**What this task involves**
The listing below should be printed exactly, though its pictures must not be.

+++ Stored data +++

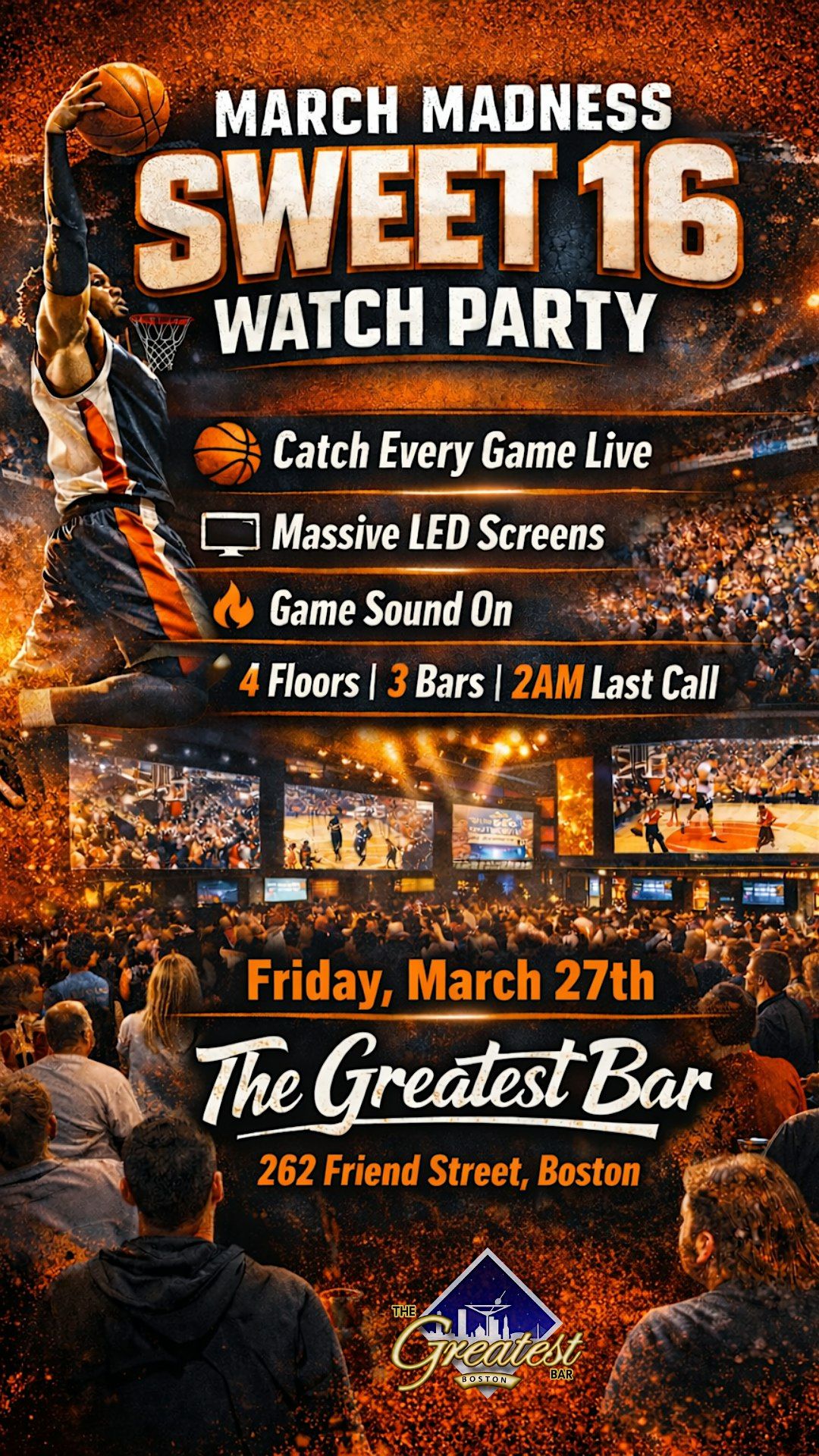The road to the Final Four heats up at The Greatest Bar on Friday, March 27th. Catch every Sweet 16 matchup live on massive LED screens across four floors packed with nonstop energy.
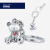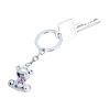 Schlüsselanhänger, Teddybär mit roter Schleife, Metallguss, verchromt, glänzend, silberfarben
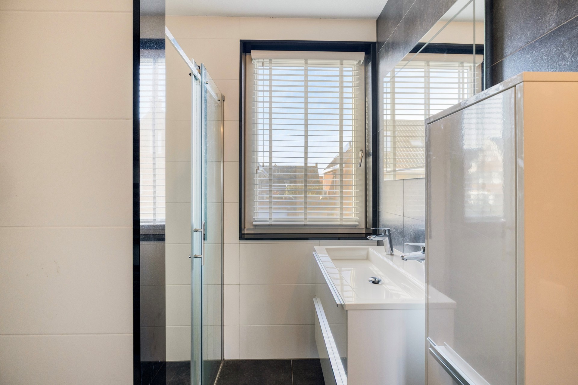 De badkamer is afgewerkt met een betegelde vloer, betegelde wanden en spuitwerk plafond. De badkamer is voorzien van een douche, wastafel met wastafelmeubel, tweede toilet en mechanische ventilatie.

+++

**Response to this exercise**
The road to the Final Four heats up at The Greatest Bar on Friday, March 27th. Catch every Sweet 16 matchup live on massive LED screens across four floors packed with nonstop energy.
 Schlüsselanhänger, Teddybär mit roter Schleife, Metallguss, verchromt, glänzend, silberfarben
 De badkamer is afgewerkt met een betegelde vloer, betegelde wanden en spuitwerk plafond. De badkamer is voorzien van een douche, wastafel met wastafelmeubel, tweede toilet en mechanische ventilatie.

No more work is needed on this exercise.